Siddharth Bhat
Siddharth Bhat

Reputation: 843

Prove two inhabitants in Prop are not equal?

Is it possible to have some A, B : Prop such that we can provide a proof of:

Section QUESTION.
A: Prop := <whatever you want> .
B : Prop := <whatever you want> .
Theorem ANeqB: A <> B.
Proof.
<a proof of this fact>
Qed.

Intuitively, I think not, since this would let us "distinguish" between proofs, but one should not be able to do this without computing on A or B. However, Coq explicitly forbids us from inspecting a proof, since they must be erased at runtime. So, only Prop ought to be able to inspect Prop (due to erasure), but inspection is always computational, hence Prop cannot inspect Prop. Therefore, nothing can inspect Prop, and the above theorem ANeqB cannot be proved.

EDIT:

It just struck me that since we can take proof irrelevance as an extra axiom (Axiom proof_irrelevance : forall (P:Prop) (p1 p2:P), p1 = p2.), the theorem ANeqB cannot be proven within Coq --- if it could, it would make it unsound to allow proof_irrelevance as an extra axiom.

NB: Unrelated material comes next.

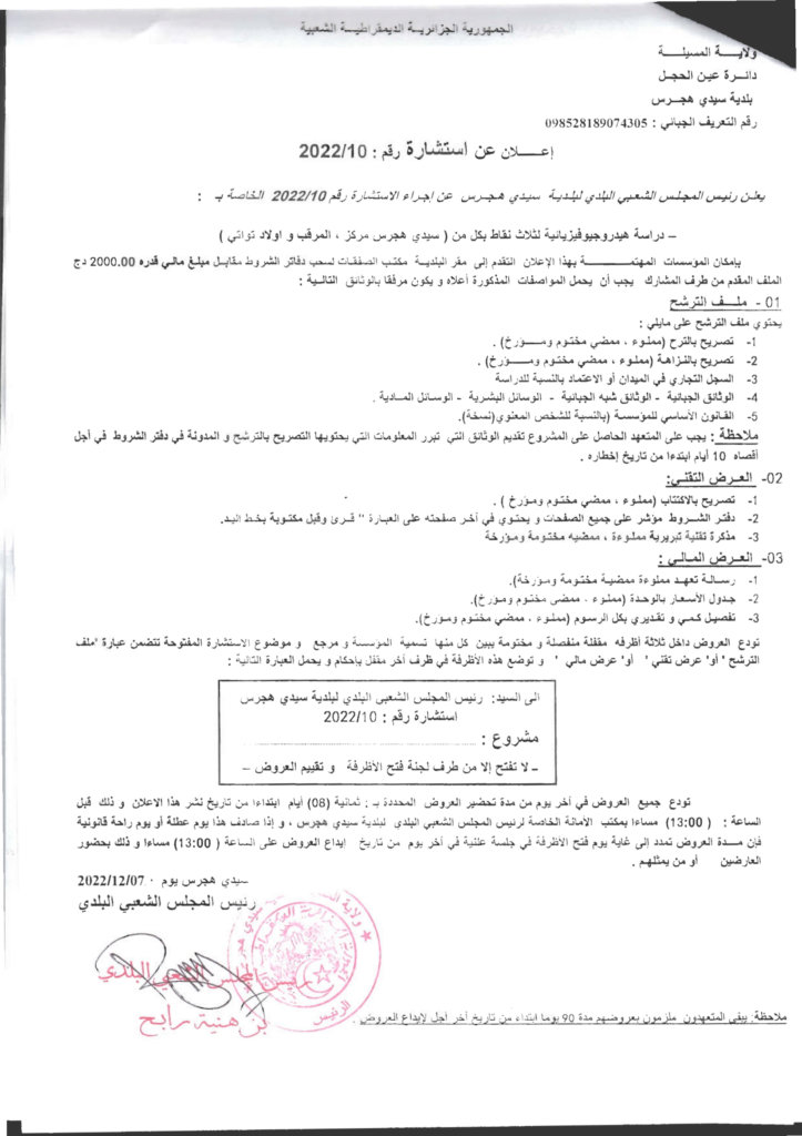إجراء الاستشارة الخاصة بـ: دراسة هيدروجيوفيزيائية لثلاث نقاط بكل من (سيدي هجرس مركز، المرقب وأولاد تواتي)11 ديسمبر، 20220 11 شاركها فيسبوك X مشاركة عبر البريد طباعة

This shifts my question, then:

Upvotes: 1

Views: 230

Answers (1)

SCappella
SCappella

Reputation: 10474

I think you might be thinking of something else. Prop itself isn't proof irrelevant. It definitely has distinguishable elements. For example, True <> False.

Section QUESTION.
Definition A: Prop := True.
Definition B : Prop := False.

Theorem ANeqB: A <> B.
Proof.
  unfold A, B.
  intro p.
  destruct p.
  exact I.
Qed.

End QUESTION.

Instead, it's elements of Prop that might be proof irrelevant. In the axiom

Axiom proof_irrelevance: forall (P: Prop) (p q: P), p = q.

p and q aren't themselves elements of Prop, but rather elements of some element of Prop.